Like a recidivist grave robber, Mick Harvey returns for a third time to pillage the rather substantial body of work left by Serge Gainsbourg. This is a mausoleum that keeps drawing Harvey, and shows no sign of abating in his desire to re-enliven the work of the famous French dandy.
Like a bourgeoisie chimney sweep, Gainsbourg managed to straddle the divide between aristocratic musings and drug den bohemianism. Similarly, Harvey steps too close to the cliff edge and has to catch himself from teetering over.
It is with a degree of morbid irony that the album begins with The Man With The Cabbage Head. With Deadly Tedium and Coffee Colour we are introduced to seedy debauchery of late nights filled with lust.
Just like the original, SS C’est Bon is a sucker punch of Wagnerian jack booting with frantic lyrics and feedback.
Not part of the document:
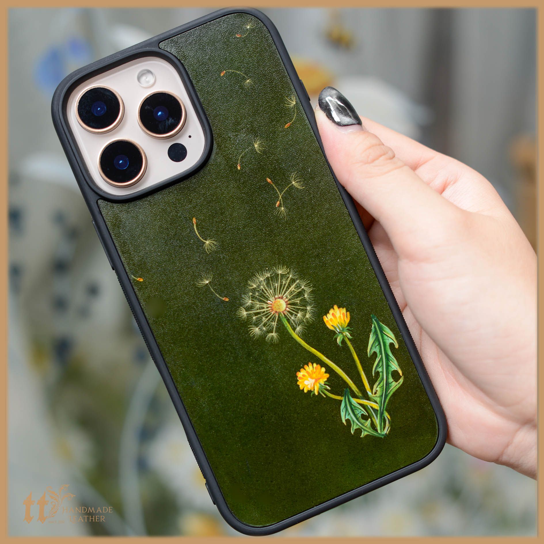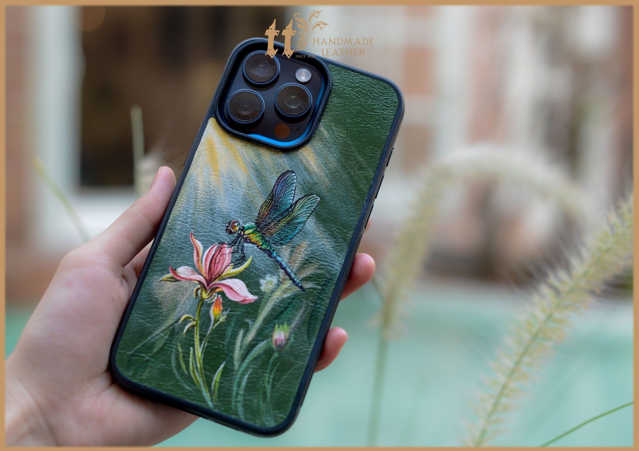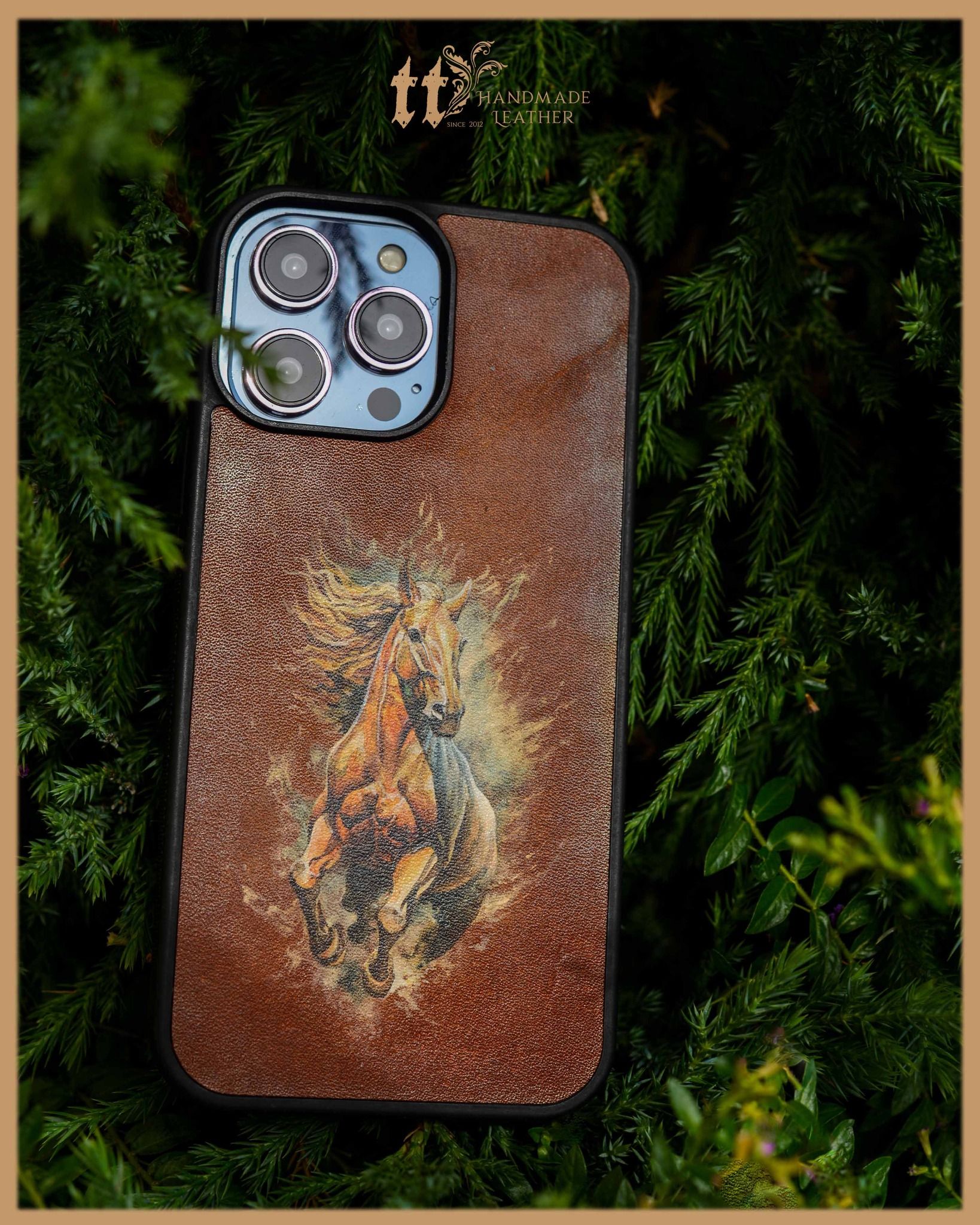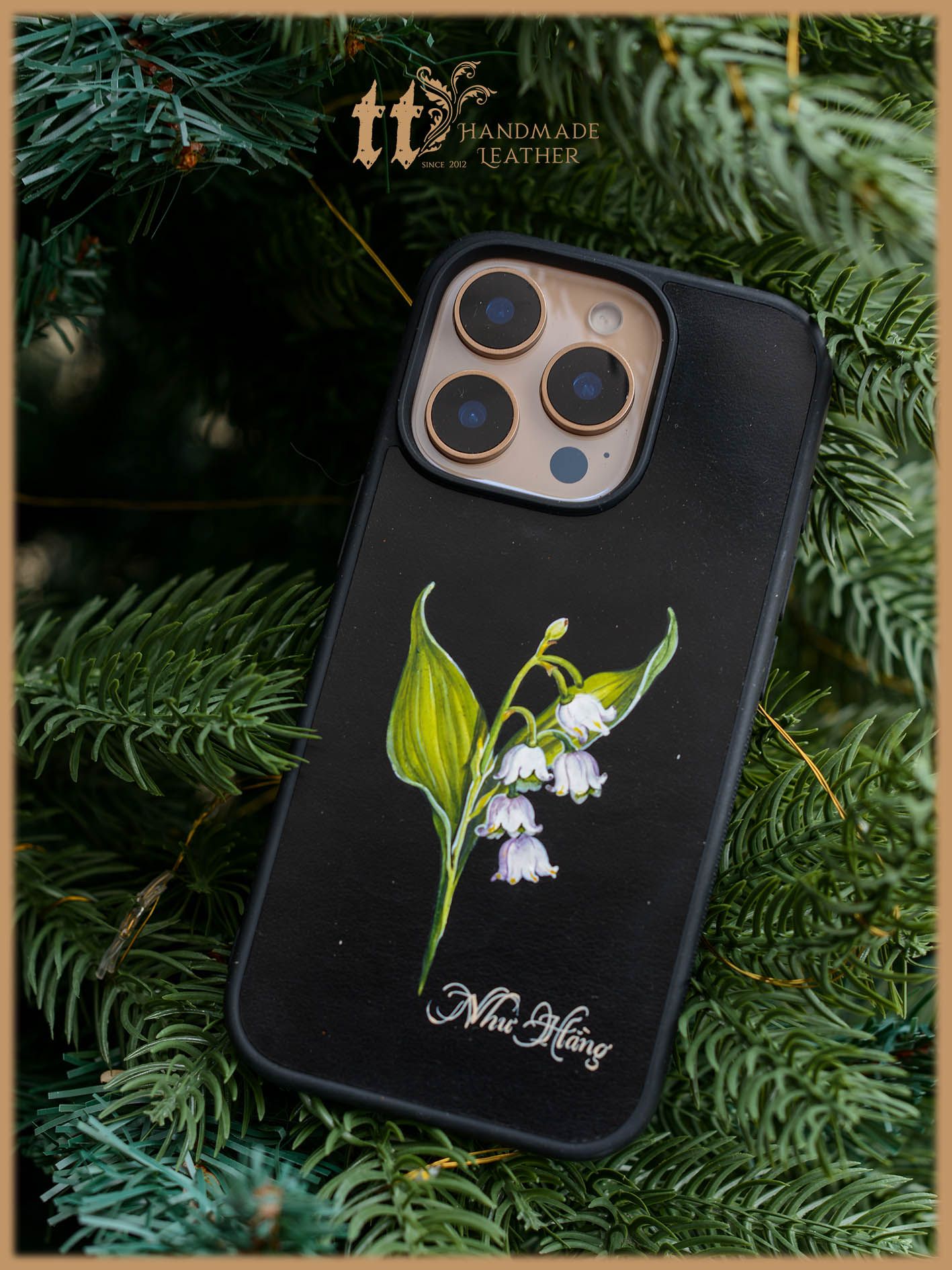 Ốp điện thoại viền nhựa dẻo được làm và vẽ thủ công trên chất liệu da bò cao cấp

The blistering finale leads into an equally anguished I Envisage, which stumbles around with gin soaked abandon to its sinister refrain of “I envisage the worst”. Unlike the first two volumes of this project, the songs are less familiar and more obscure, although the debauched roots are omnipresent. A Violent Poison, That’s What Love Is or The Decadence are examples of this.
More And More, Less And Less is similar to previous interpretive work but kudos to Harvey for tackling a difficult subject with a degree of inventiveness and guile. Don’t Say A Thing is an especially vibrant example, a mouth watering chocolate that ends up leaving a mouthful of chipped teeth. There is clearly life in this project yet.